Really? Its quite common, as "award winning/nominated actors" are no guarantee of enhancing and/or saving a project--particularly fantasy projects--that were doomed at the germ of an idea.

Examples:

Dick Tracy (Touchstone, 1990) - from its star/director Warren Beatty, to Al Pacino, Michael J. Pollard, Kathy Bates, Charles Durning, Dustin Hoffman and James Caan. Overloaded with Academy Award winning or nominated actors, and they could not save a bloated production that was creatively exploitative / bankrupt from the start.

Flash Gordon (Universal, 1980) Here,, you had AA nominee (Chaim) Topol, and Golden Globe nominee Max von Sydow...and everyone knows what a crapstorm that De Laurentis "epic" turned out to be.

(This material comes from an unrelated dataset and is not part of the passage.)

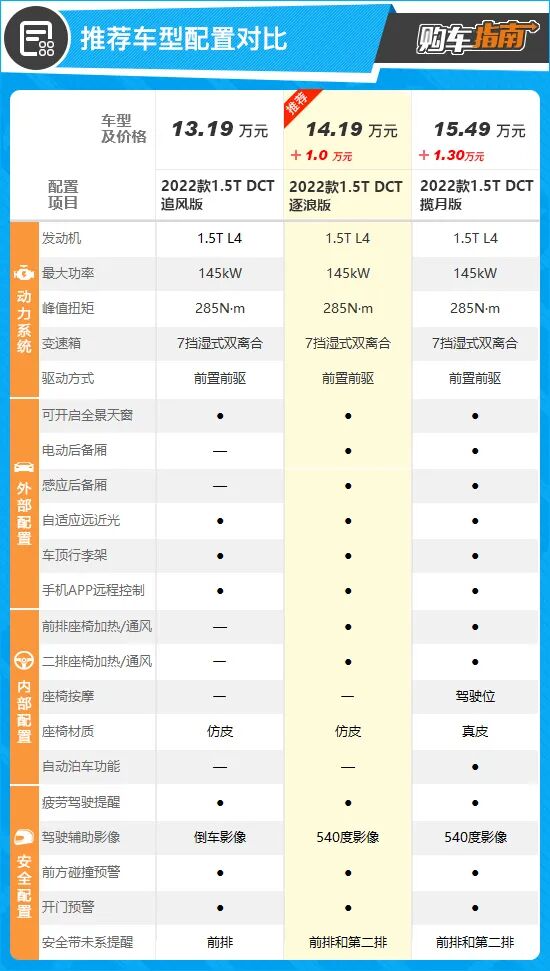 最后,对比揽月版,也就是全系顶配车型,揽月版较推荐车型主要增加了驾驶位座椅按摩、真皮座椅、自动泊车等配置,更多起的是锦上添花的作用,而且需要再增加1.3万元预算,性价比不高。综上,直接选择逐浪版是性价比最高的方案,购车时可优先考虑。

How about The Black Hole (Disney, 1979). This expensive (non) event film had AA & Golden Globe winner Ernest Borgnine, Golden Globe winning Anthony Perkins, and Golden Globe winner Joseph Bottoms. The point is when the project is just a creatively bankrupt mess, all of the acting firepower in the world won't make a difference. In some cases, it makes it worse, as some directors and producers lean to heavily on whatever kind of aura or performance which earned the actor his or her award, and that's often out of place in the role they were hired to play.
 
Flash Gordon (Universal, 1980) Here,, you had AA nominee (Chaim) Topol, and Golden Globe nominee Max von Sydow...and everyone knows what a crapstorm that De Laurentis "epic" turned out to be.

No. No! Bad, poster, BAD!

Flash Gordon is an amazingly fun adventure with the best fucking soundtrack on Earth. It is amazingly quotable, it is visually dazzling, and fucking Brian Blessed is in it.

Now, sit in the corner, you can come out when you realize how wrong you are.